Since 1 < 3.65 < 10, we know that 0 < log(3. 65) < 1. This tells us that 2 < 2 + log(3.65) < 3, so 2 < log(365) < 3.

### Eureka Math Algebra 2 Module 3 Lesson 12 Exit Ticket Answer Key

In this lesson, we have established six logarithmic properties for positive real numbers x and y and real numbers r.

1. log(1) = 0

2. log(10) = 1

3. log(10^{r}) = r

4 10^{log(x)} = x

5. log(x . y) = log(x)+log(y)

6. log(x^{r}) = r.log(x)

Question 1.

Use properties 1 – 6 of logarithms to establish property 7: log (\(\frac{1}{x}\)) = -log(x) for all x > 0.

Answer:

By property 6, log(x^{k}) = k log(x).

Let k = -1; then for x > 0, log(x^{-1}) = (-1) log(x), which is equivalent to log (\(\frac{1}{x}\)) = -log(x).

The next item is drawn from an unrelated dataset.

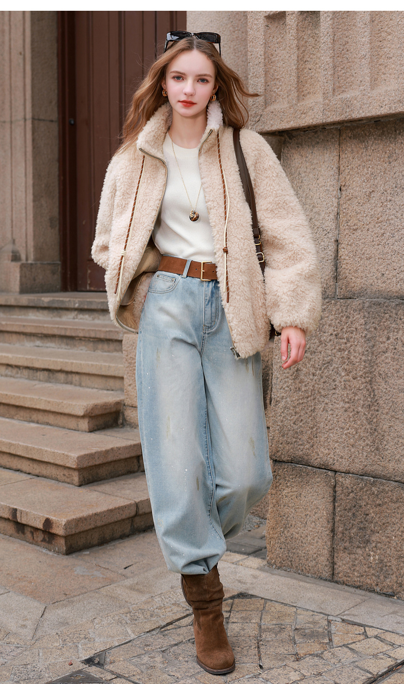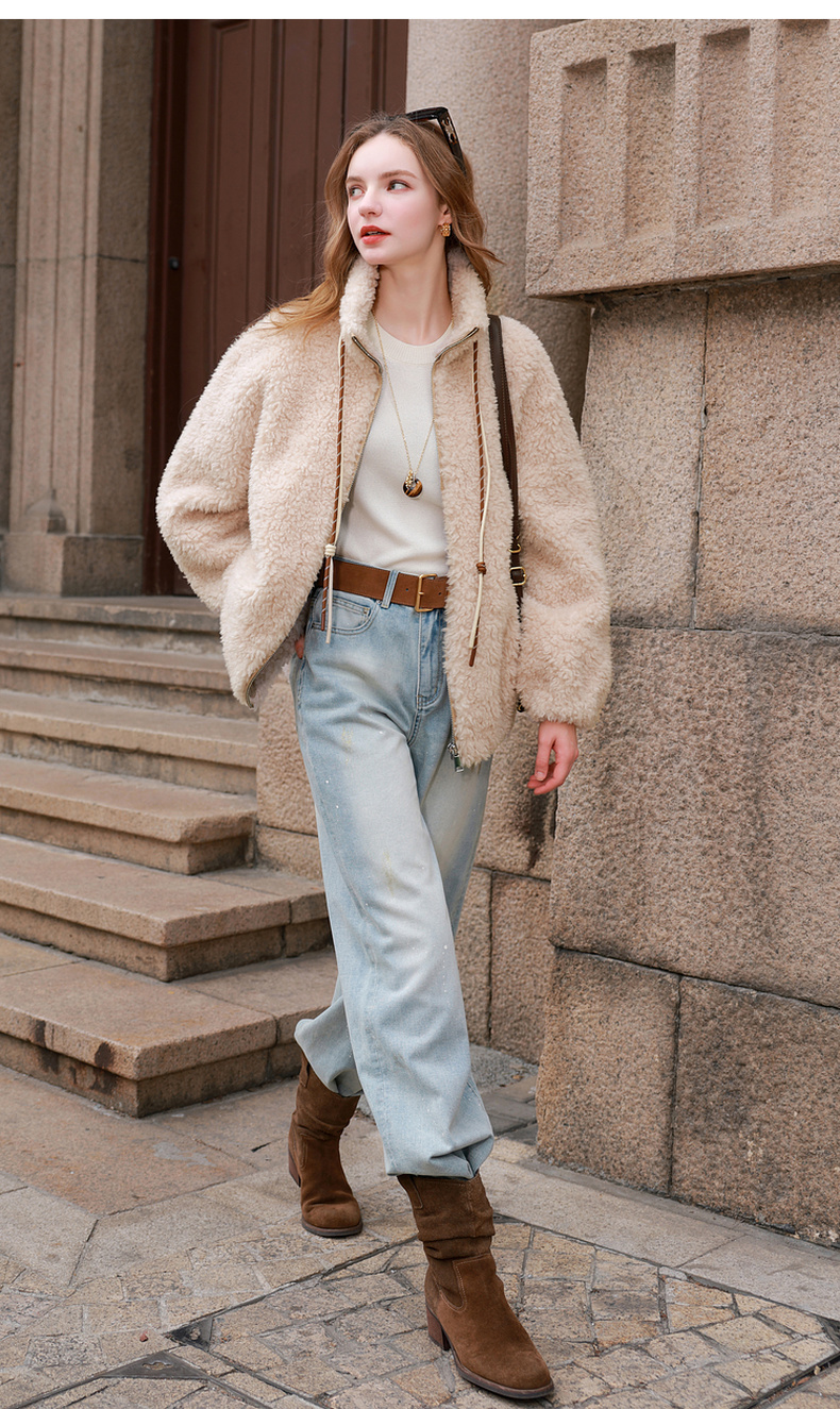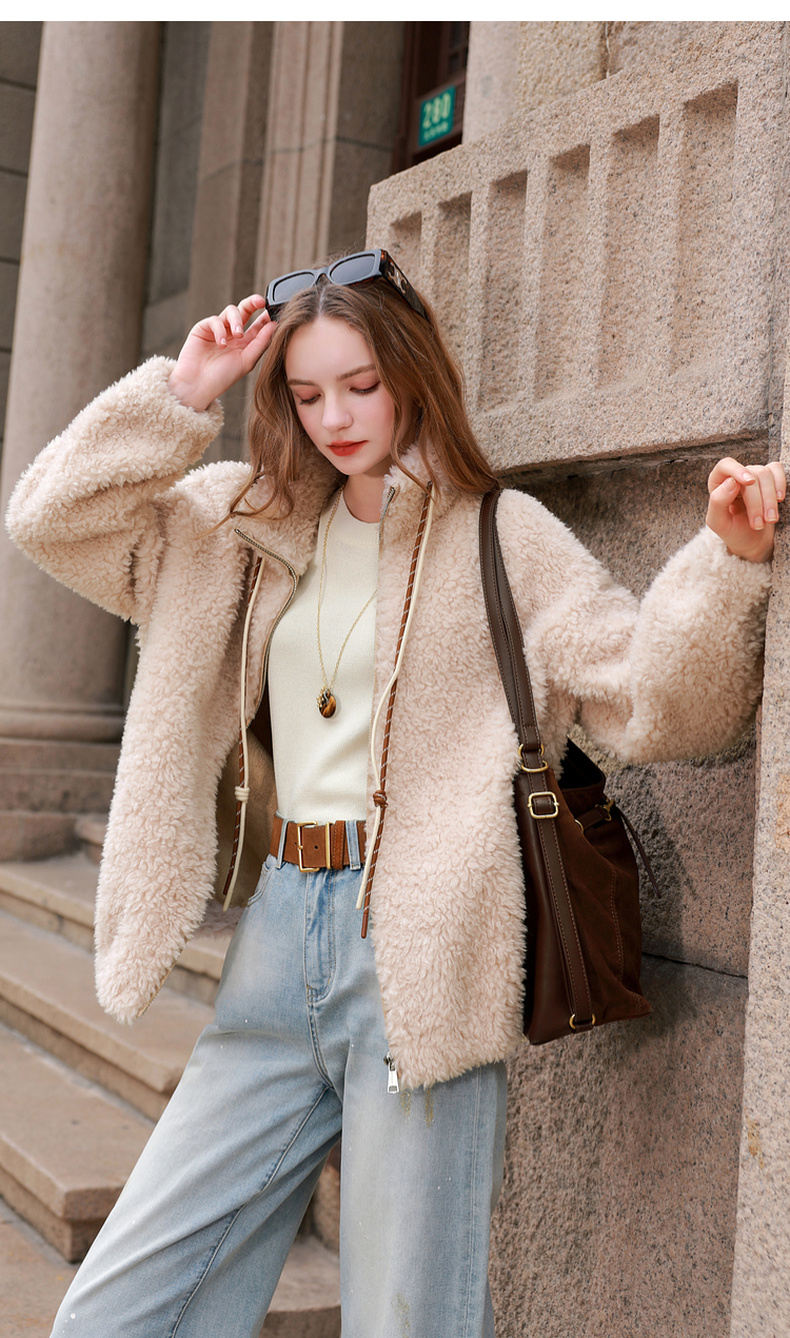 三彩2025冬季新款环保皮草立领毛毛外套宽松毛绒保暖M
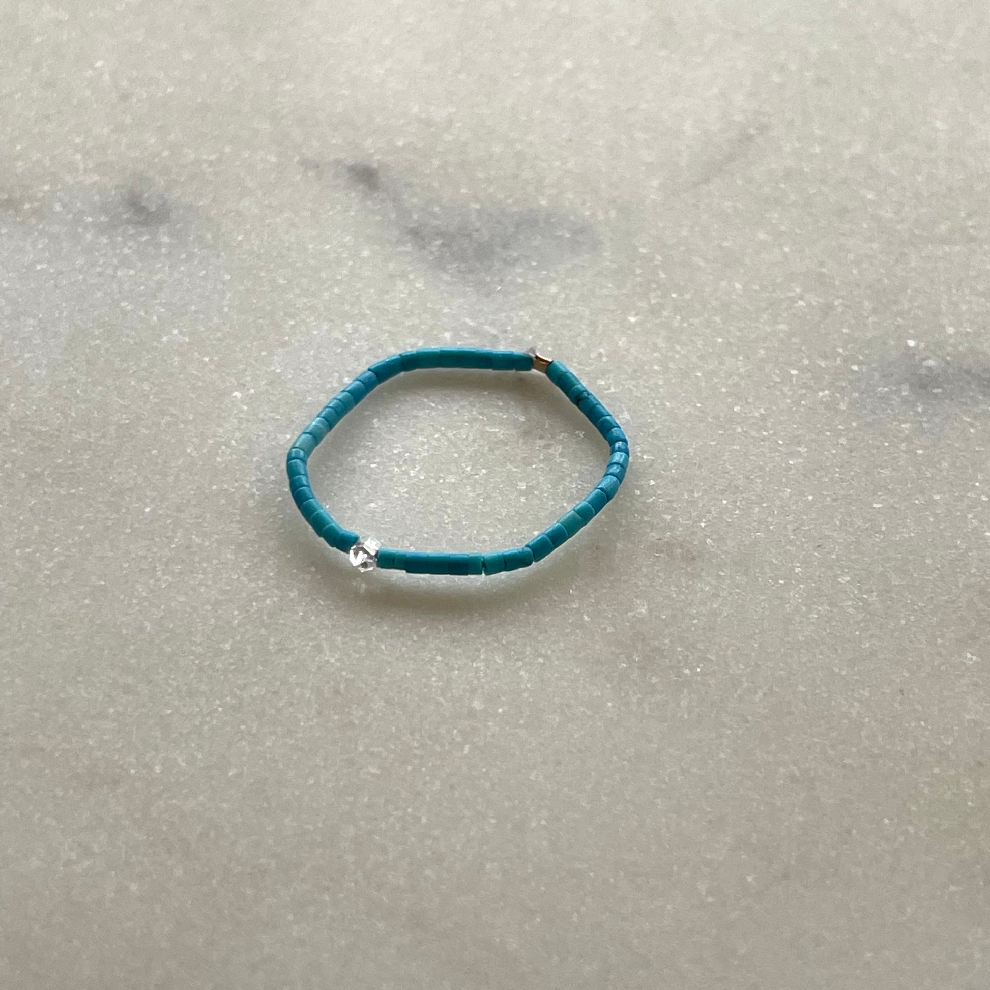 Super dainty turquoise and herkimer diamond beaded gemstone ring. Can be purchased with or without the herkimer diamond. Very lightweight and excellent for layering on the finger.

Thus, for any x > 0, log (\(\frac{1}{x}\)) = -log(x).

Question 2.

Use properties 1 – 6 of logarithms to establish property 8: log (\(\frac{x}{y}\)) = log(x) – log(y) for x > 0 and y > 0.

Answer:

By property 5, log(x . y) = log(x) + log(y).

By Problem 1 above, for y > 0, log(y^{-1}) = (-1) log(y).

Therefore,

log(\(\frac{x}{y}\)) = log(x) + log(\(\frac{1}{y}\))

= log(x) + (-1)log(y)

= log(x) – log(y).

Thus, for any x > 0 and y > 0, log (\(\frac{x}{y}\)) = log(x) – log(y).